80% of Senate Dems Just Voted to Cut Israel’s Arms Supply

Senate Democrats voted in record numbers Wednesday night to block nearly $500 million in U.S. arms sales to Israel, with more than 80 percent of the caucus backing at least one of two resolutions introduced by Sen. Bernie Sanders (I-VT).

Both resolutions failed, Fox News reports, but the vote totals mark a significant shift from previous attempts by the Vermont independent, signaling a broad realignment in how Senate Democrats view the U.S.-Israel relationship.

The first resolution would have halted roughly $295 million in Caterpillar bulldozer sales to Israel. Forty Senate Democrats voted in favor. The second, targeting nearly $152 million in 1,000-pound bombs, drew 36 Democratic votes. Neither passed without Republican support.

“Today, more than 80% of the Democratic caucus stood with the American people and voted to block U.S. military aid to Netanyahu and his horrific, illegal wars,” Sanders said in a statement Wednesday. “When we started this effort there were just 11 votes. Now, there are 40. That shift reflects where the American people are.”

The votes came the same day Senate Democrats overwhelmingly backed measures to curtail President Trump’s war powers in the Middle East. Republicans are now considering bundling the expected Iran war supplemental spending request, estimated between $50 billion and $200 billion, into a party-line bill to limit Democratic leverage over the package.

Senate Minority Leader Chuck Schumer (D-NY), who has been a vocal critic of the war, voted against both Sanders resolutions.

Several Democratic senators who switched their positions said they still support Israel but framed their votes as opposition to the broader Iran conflict.

Sen.
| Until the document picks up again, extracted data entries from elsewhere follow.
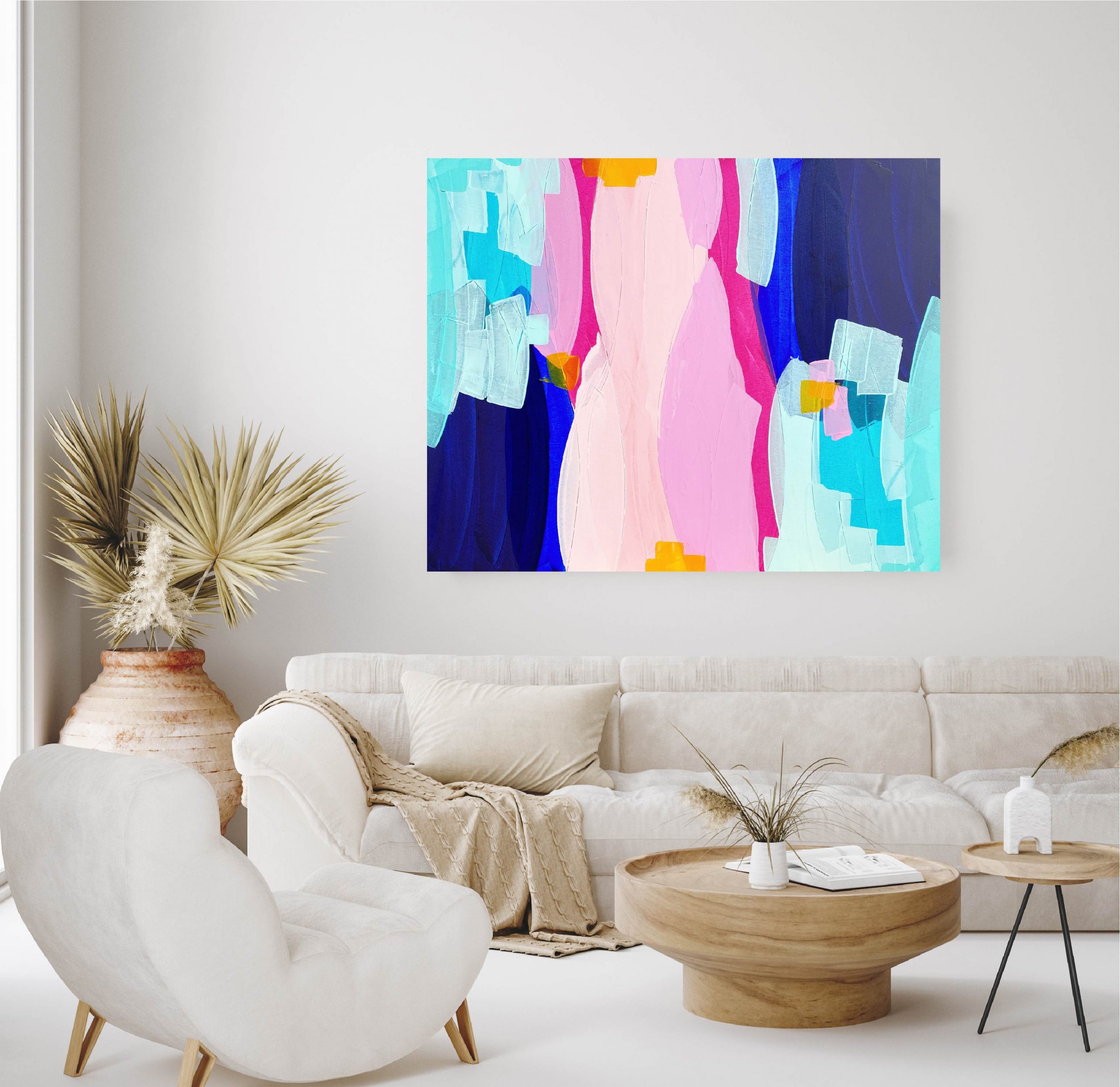 Bright abstract in my signature palette with lots of movement and energy in the strokes.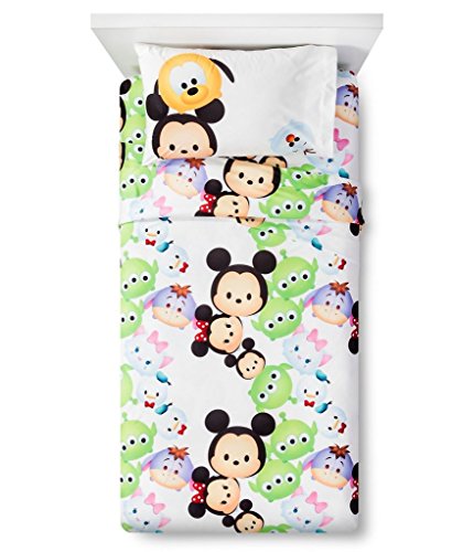Product Description This adorable set feature the adorable Disney Tsum Tsums. Made of 100% soft, microfiber, this set includes (1) Twin Comforter - 64" X 86", (1) Twin Flat Sheet - 66" X 96", (1) Twin Fitted Sheet 39" X 75", (1) Pillowcase - 20" X 30". Tsum Tsums featured: Mickey, Minnie, Pluto, Marie, Eeyore, Stitch, More! 0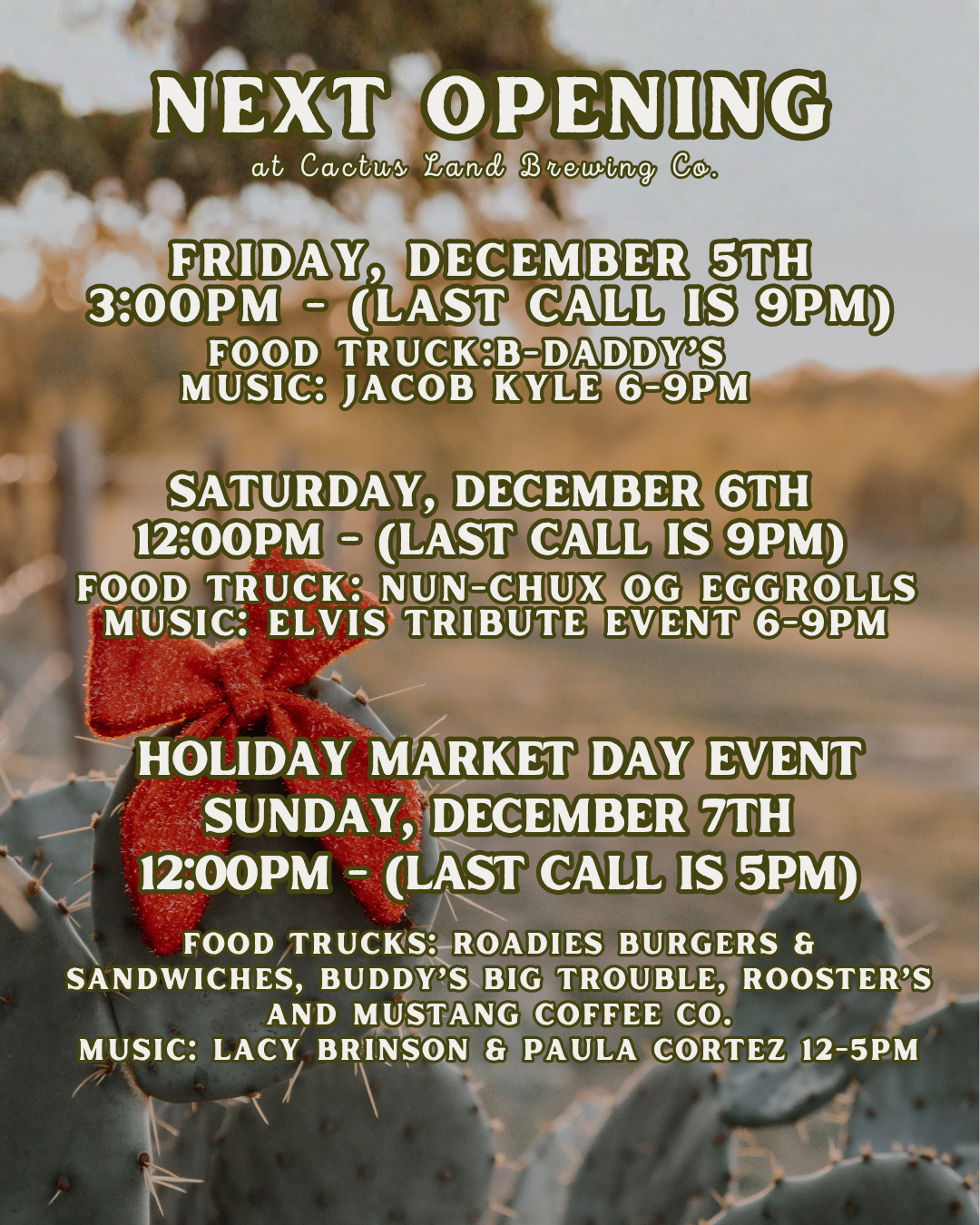 Cactus Land Brewing hosts a market day event at the brewery on the 1st Sunday the brewery is open every month. Market Day vendors range from fresh farm produce, boutiques, baked goods, wood working, leather goods and more. Come to sip, stroll and shop small!

Maggie Hassan (D-NH), who previously voted against Sanders’ arms-sale proposals, said her reversal was “informed by President Trump’s and Prime Minister Netanyahu’s reckless decision to go to war.”

“I have serious questions about any supplemental expenditures for this war, let alone additional sales of weapons for the same war to Israel,” Hassan said in a statement.

Sen. Elissa Slotkin (D-MI) said her vote against “1,000-pound so-called ‘dumb bombs’ and military bulldozers” was intended to draw a distinction between supporting Israel and backing Netanyahu’s military agenda. “Being pro-Israel today is not simply about supporting the political or military agenda of Prime Minister Netanyahu, just like being pro-American should not be equated with loyalty to President Trump,” she said.

The shift comes as ongoing Israeli strikes in Lebanon have strained fragile ceasefire negotiations tied to the broader Iran conflict. The last time the Senate voted on a Sanders Israel arms resolution, 27 Democrats voted yes. Before that, 19 did. Wednesday’s total roughly doubled the previous high.

Republican senators have held together behind Trump on the Iran war effort, though some divisions have surfaced as ceasefire deadlines approach.

The growing Democratic bloc backing Sanders’ measures is expected to complicate the White House’s pending supplemental funding request for the war. The administration has not yet formally submitted the package to Congress, and cost estimates from administration officials have ranged widely, from $50 billion to as high as $200 billion.